If you find yourself paying more for a Slider, Thickburger, or Baconator, you might want to blame the renewable-fuel standard, says a video put out by Feed Food Fairness in opposition to the corn-ethanol mandate.
Refiners will likely blend around 13 million gallons of corn ethanol next year — a level set by the Environmental Protection Agency — which some say is driving up prices across the food industry for other corn-dependent products. Feed Food Fairness is a campaign launched this summer by the National Council of Chain Restaurants to push for repeal of the standard.
White Castle President Lisa Ingram says in the video that her company has seen a 47 percent spike in beef prices since the start of the renewable-fuel standard, with the implication that much of that jump is due to increased feed prices for cattle farmers. The increase carries a $15,000-per-restaurant cost, she said. “When we have fluctuations in our food costs, that impacts our ability to be able to provide value to our customers,” Ingram said.
Hardee’s and Wendy’s franchisees also speak out against the standard, saying it cuts their profits and, by extension, job creation.

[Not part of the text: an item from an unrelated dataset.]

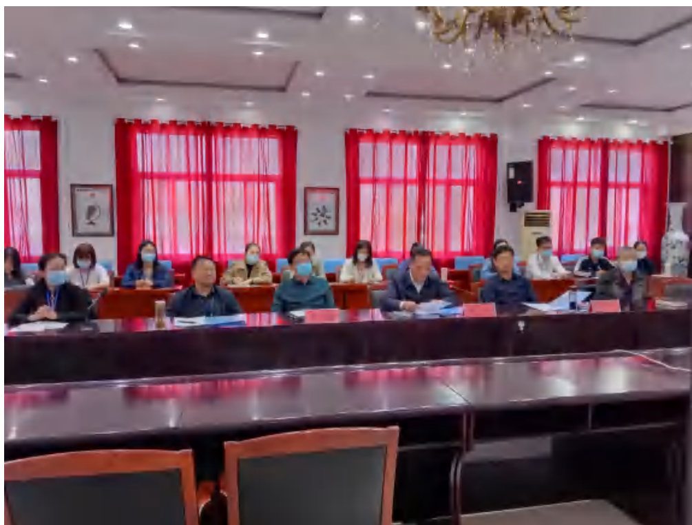
图 23 中芬 ECEC 培训总结大会 1

理念重新编制幼儿园游戏 120 个、项目教学活动方案 60 个，已经融入高职课堂的教学中，接下来会在幼儿园和家庭教育中进一步实践。

Last week, 165 House members signed a letter calling for reductions in next year’s corn-ethanol mandate. Sens. Dianne Feinstein, D-Calif., and Tom Coburn, R-Okla., are expected to unveil legislation this week that would eliminate the corn-ethanol mandate altogether. Industry groups such as the American Petroleum Institute have also called for a reduction in ethanol blends, but biofuels makers are pushing back with arguments that cutbacks would hamper a growing industry.